Lemmerman was the starting shortstop for Team Israel in the World Baseball Classic qualifying tournament in September 2012. In December 2012, he was traded to the St. Louis Cardinals for Skip Schumaker. One year later, he was selected by the San Diego Padres in the minor league portion of the Rule 5 Draft.

==Early life==
Lemmerman was a Corona del Mar High School star baseball player, and was inducted into the CdM Baseball Hall of Fame in February 2015.

==Career==
===Los Angeles Dodgers===
Lemmerman was drafted by the Los Angeles Dodgers in the 5th round of the 2010 MLB draft out of Duke University. While at Duke, he had played collegiate summer baseball with the Wareham Gatemen of the Cape Cod Baseball League in 2008 and 2009.

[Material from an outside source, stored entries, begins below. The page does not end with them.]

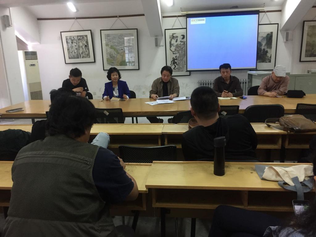 高振堂、刘宁分别结合全国艺术硕士美术指导教师优秀作品巡展以及学院人才培养方案的修订、毕业展和毕业论文答辩等工作做了重点说明。
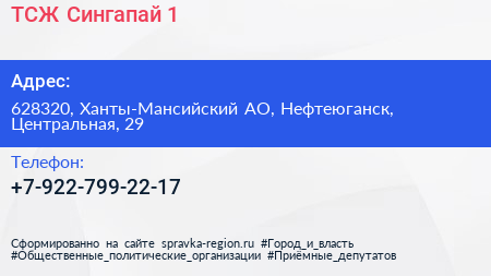 ТСЖ Сингапай 1 по адресу 628320, Ханты-Мансийский АО, Нефтеюганск, Центральная, 29 в дальнейшем Организация, размещена в следующих категориях:
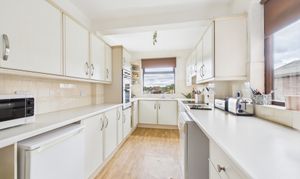- Well-equipped kitchen with dual aspect windows, integrated double oven, cooker hood and electric hob
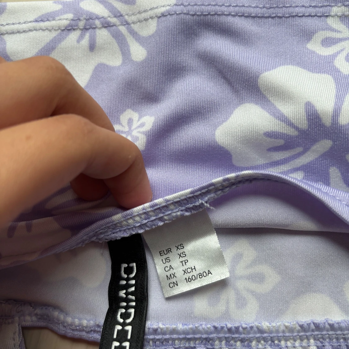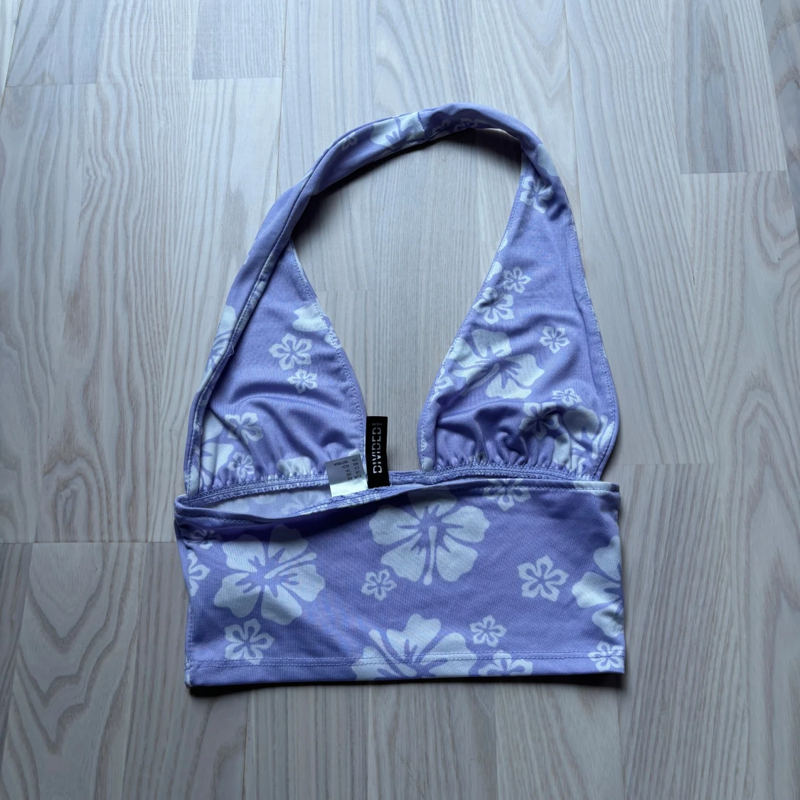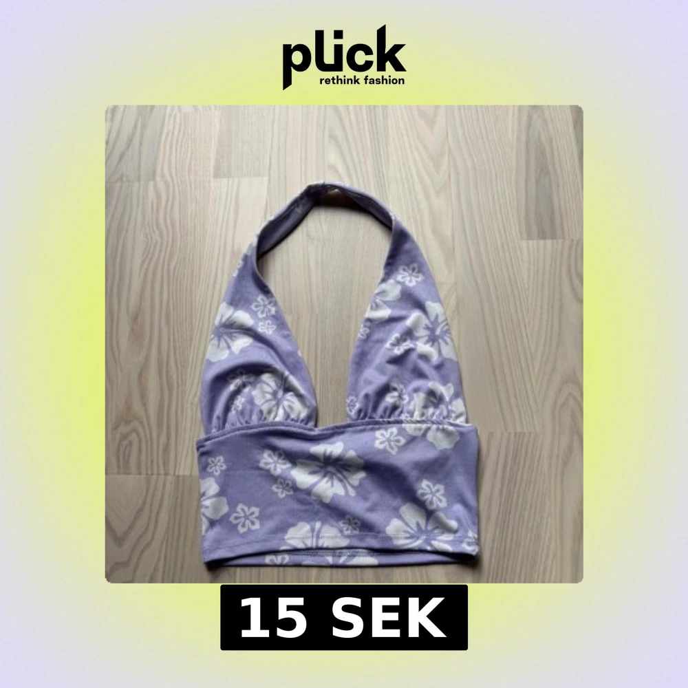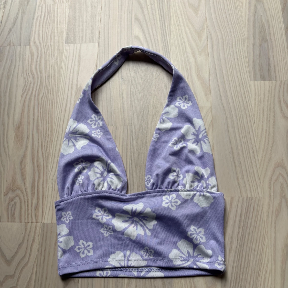 Superfin halterneck tio i lila från HM Divided med stora vita blommor. Halterneck-modell med bred resår under bysten och djup urringning. Skick är jätte svårt att sätta då alla tycker olika, men jag tycker att det är ett mycket bra skick på toppen

In the Dodgers organization, he led the Pioneer Baseball League in runs (69) and doubles (24) while batting .363 (second in the league)/.434 (third in the league)/.610 (third in the league) with 12 home runs and 47 RBI in his debut season for the Ogden Raptors in 2010. Lemmerman was voted Player of the Week in the Pioneer League on July 26, 2010, and was named the league's Most Valuable Player and a Post-Season All Star. He was also named an MILB.com Dodgers organization All-Star, and a Topps Short-Season/Rookie All-Star. Baseball America ranked him the Pioneer League # 6 prospect in 2010.

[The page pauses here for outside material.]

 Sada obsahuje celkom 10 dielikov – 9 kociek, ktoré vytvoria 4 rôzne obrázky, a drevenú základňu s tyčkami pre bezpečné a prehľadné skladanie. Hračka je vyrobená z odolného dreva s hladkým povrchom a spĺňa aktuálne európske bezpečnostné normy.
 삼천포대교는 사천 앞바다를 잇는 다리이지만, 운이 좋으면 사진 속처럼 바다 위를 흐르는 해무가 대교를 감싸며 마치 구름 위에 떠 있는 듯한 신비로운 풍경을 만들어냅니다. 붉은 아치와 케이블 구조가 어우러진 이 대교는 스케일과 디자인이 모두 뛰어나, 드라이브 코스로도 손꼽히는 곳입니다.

Lemmerman then hit .293 with eight home runs, 54 RBI, and nine stolen bases in 103 games for the Single-A Rancho Cucamonga Quakes in 2011, and was voted a Mid-Season California League All-Star. He received a late-season promotion to the Double-A Chattanooga Lookouts.

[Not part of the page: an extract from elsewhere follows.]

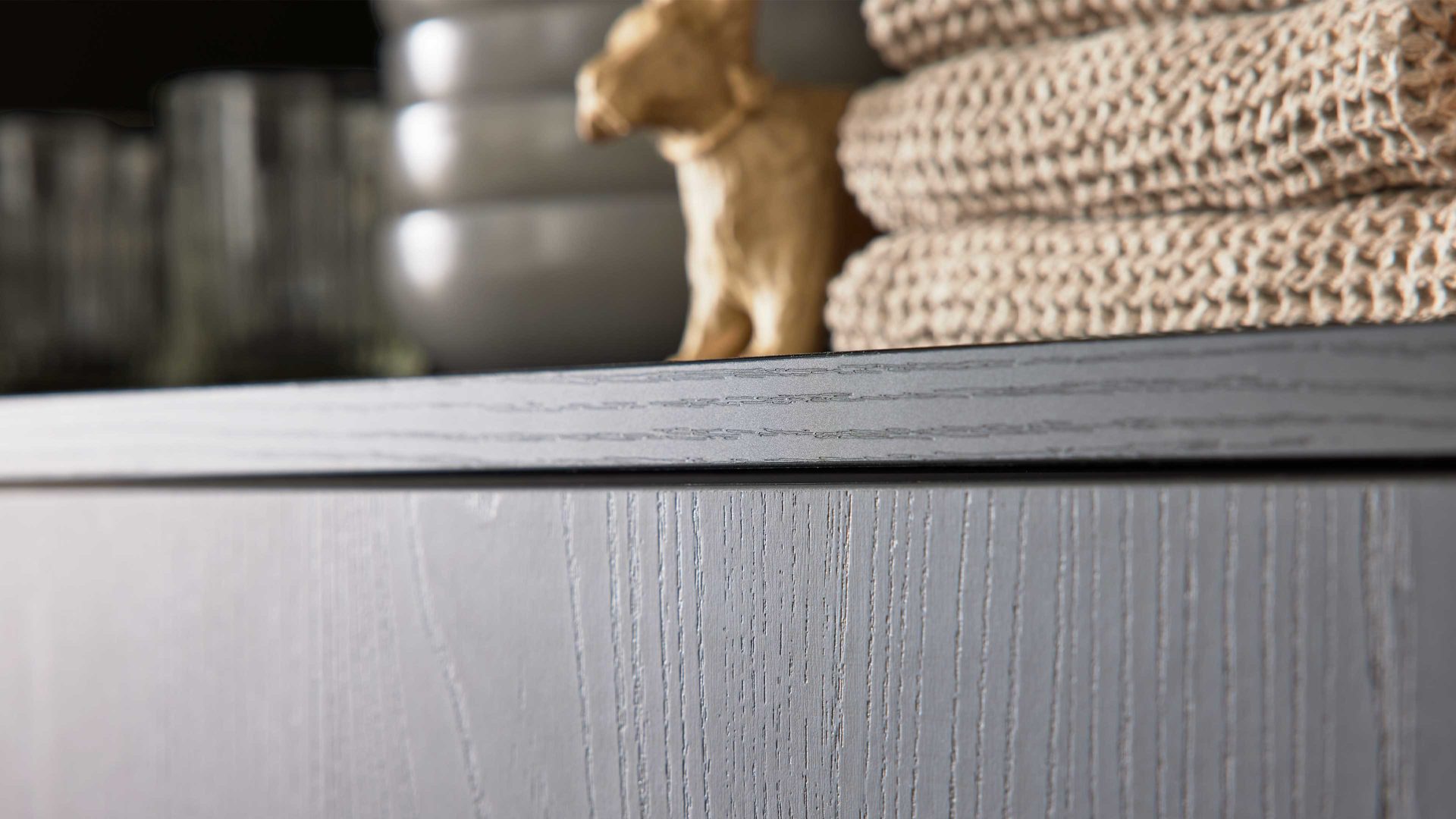 Die Interliving Küche Serie 3056 vereint Eiche-Nero-Nachbildung mit softmattem Platingrau und sorgt so für eine moderne, zugleich wohnliche Ausstrahlung. Schwarze Metallfüße unterstreichen den eleganten Look, während die grifflosen Fronten ein puristisches Design-Statement setzen.
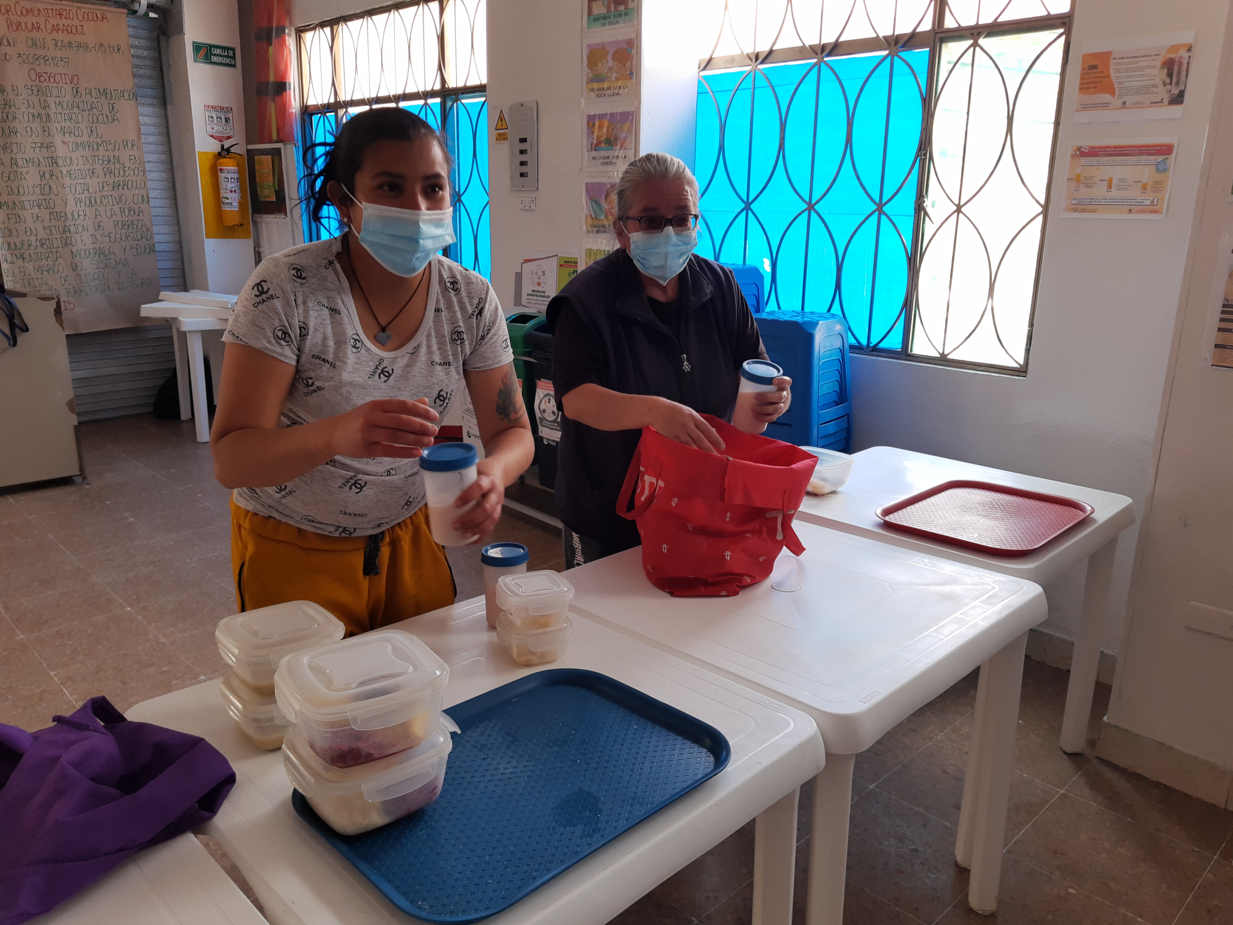 Beneden wordt er gekookt. Mensen die deelnemen aan het programma kunnen maaltijden afhalen. Een oma haalt bakjes eten af voor haar kleinkinderen. Een moeder voor haar twee zoontjes.

Lemmerman played 116 games with the Lookouts in 2012, but hit only .233 with seven home runs, 48 RBI, and eight stolen bases.

===St. Louis Cardinals===
On December 12, 2012, Lemmerman was traded to the St. Louis Cardinals in exchange for Skip Schumaker. Derrick Goold of the St. Louis Post-Dispatch assessed him as a "heady" shortstop prospect. Lemmerman spent the 2013 campaign with the Double-A Springfield Cardinals, playing in 98 games and hitting .231/.353/.367 with eight home runs, 36 RBI, and 11 stolen bases.

===San Diego Padres===
On December 12, 2013, Lemmerman was selected by the San Diego Padres in the minor league portion of the Rule 5 Draft. He split the 2014 season between the Double-A San Antonio Missions and Triple-A El Paso Chihuahuas, hitting a combined .179/.280/.307 with five home runs, 24 RBI, and two stolen bases across 74 appearances. Lemmerman played in one major league spring training game for the Padres in 2015. On April 9, 2015, Lemmerman was released by the Padres organization.

==Team Israel==
Lemmerman played as the starting shortstop for Team Israel in the World Baseball Classic qualifying tournament in September 2012. Lemmerman used documentation from his bar mitzvah and confirmation to prove his eligibility for the team. During the opening game of the tournament, while batting ninth, Lemmerman went 0 for 4, leaving 4 men on base. During the second game Lemmerman batted seventh, going 1 for 4 with a strikeout. During the third and final game, Lemmerman batted ninth and went 0 for 2 while being hit by a pitch 3 times and scoring a run.